Start of DATA EXCERPT

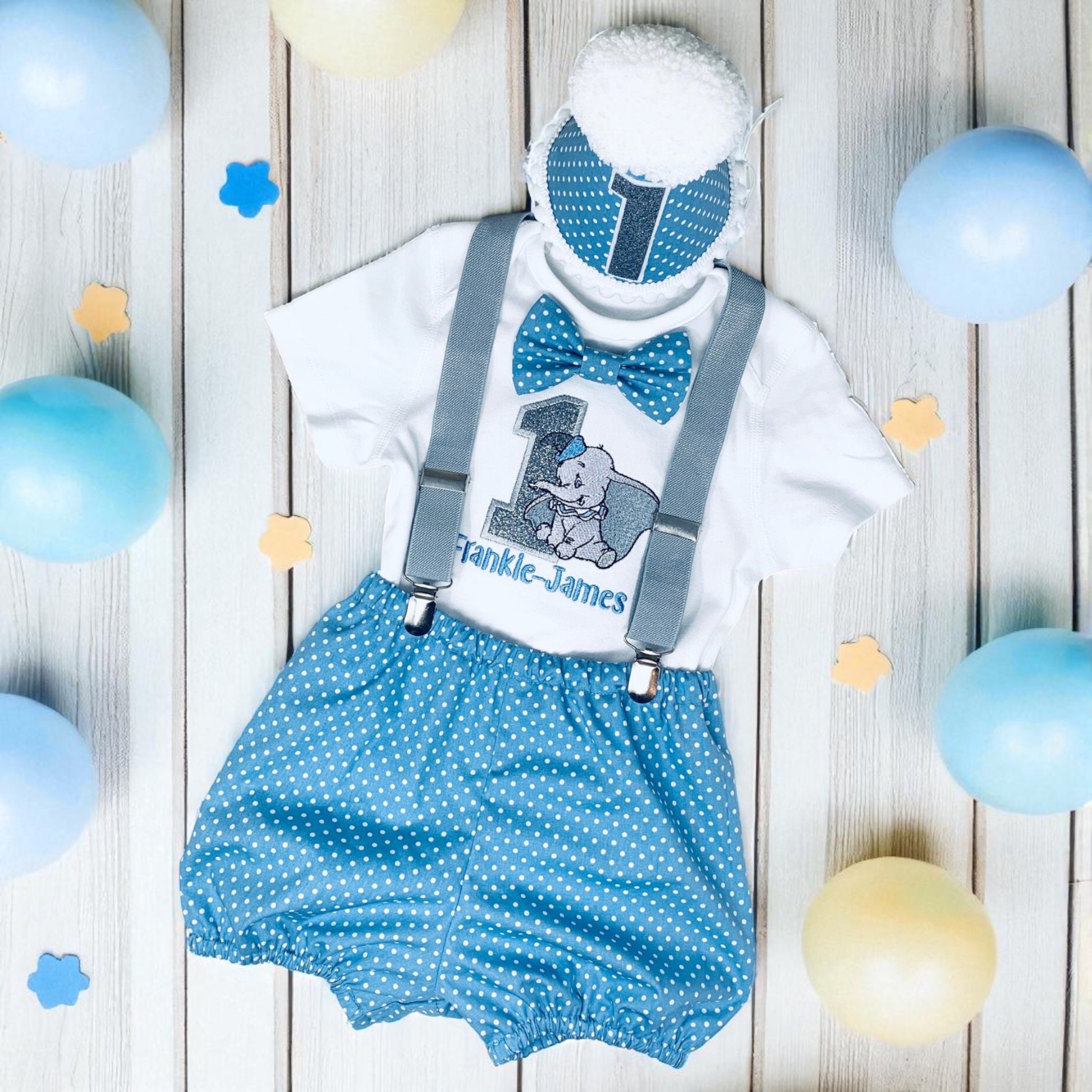 Dumbo Cake Smash Outfit – Blue Polka Dot Baby Boy Party Clothes with Custom Embroidered Vest
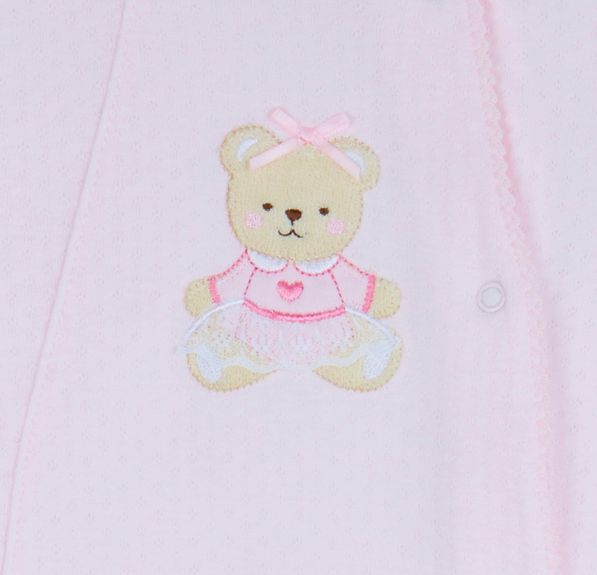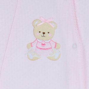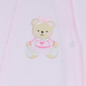 Designed to be worn for sleep or play, this baby girl footie is a newborn wardrobe essential. Outfit features easy-change snaps from neckline to feet, a cute bear applique and novelty bear toes.
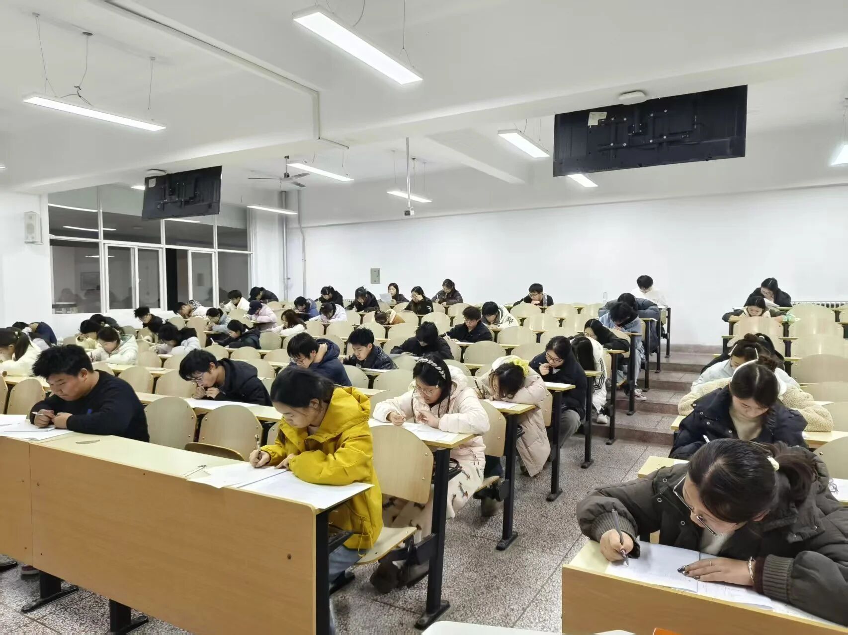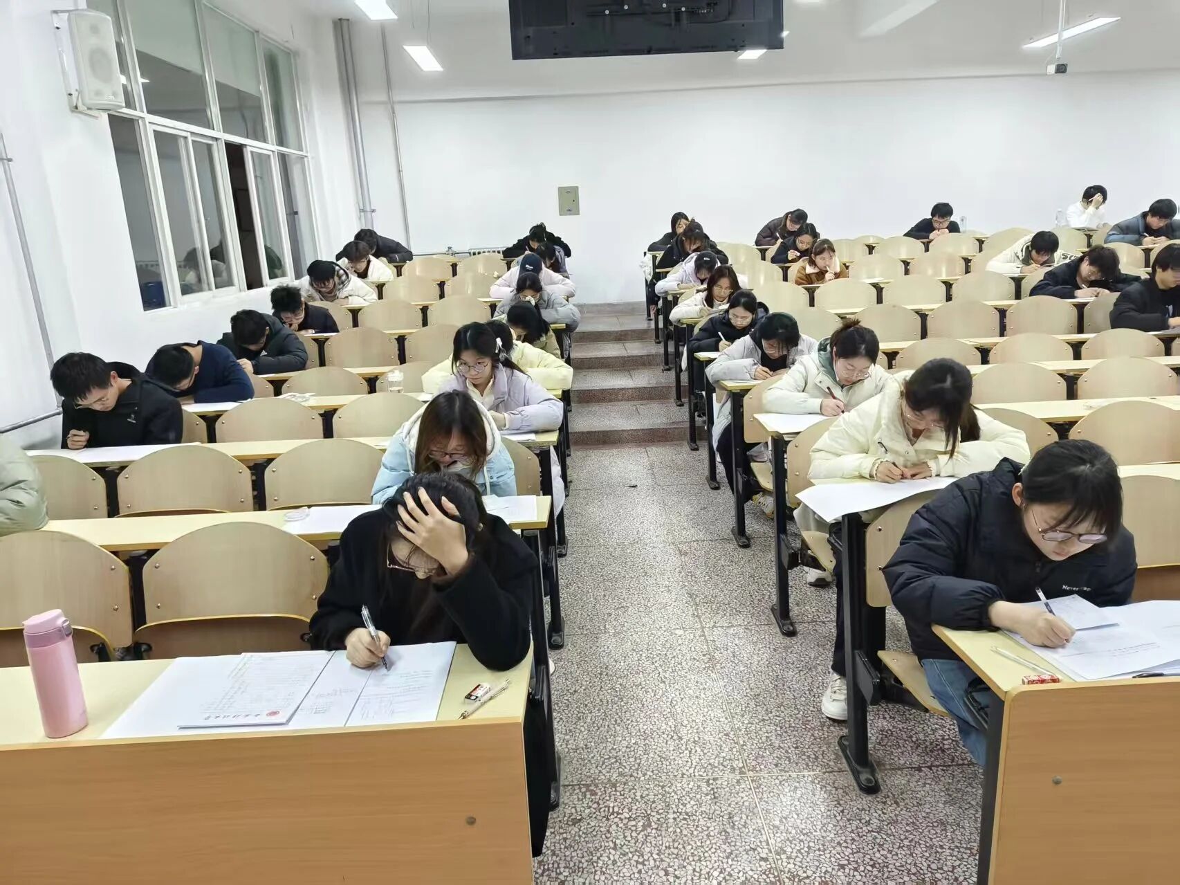 考试开始前,同学们提前抵达考场,自觉将个人物品放置于指定区域,有序就座,展现出良好的纪律意识与备考状态。监考人员宣读考场规则后,考试准时开始。

End of DATA EXCERPT

Print, please, exactly the lines from the one holding "Designed to be" through the final line of the data, both included, while leaving out each picture.

#### SOLUTION TO THIS TASK:
 Designed to be worn for sleep or play, this baby girl footie is a newborn wardrobe essential. Outfit features easy-change snaps from neckline to feet, a cute bear applique and novelty bear toes.
 考试开始前,同学们提前抵达考场,自觉将个人物品放置于指定区域,有序就座,展现出良好的纪律意识与备考状态。监考人员宣读考场规则后,考试准时开始。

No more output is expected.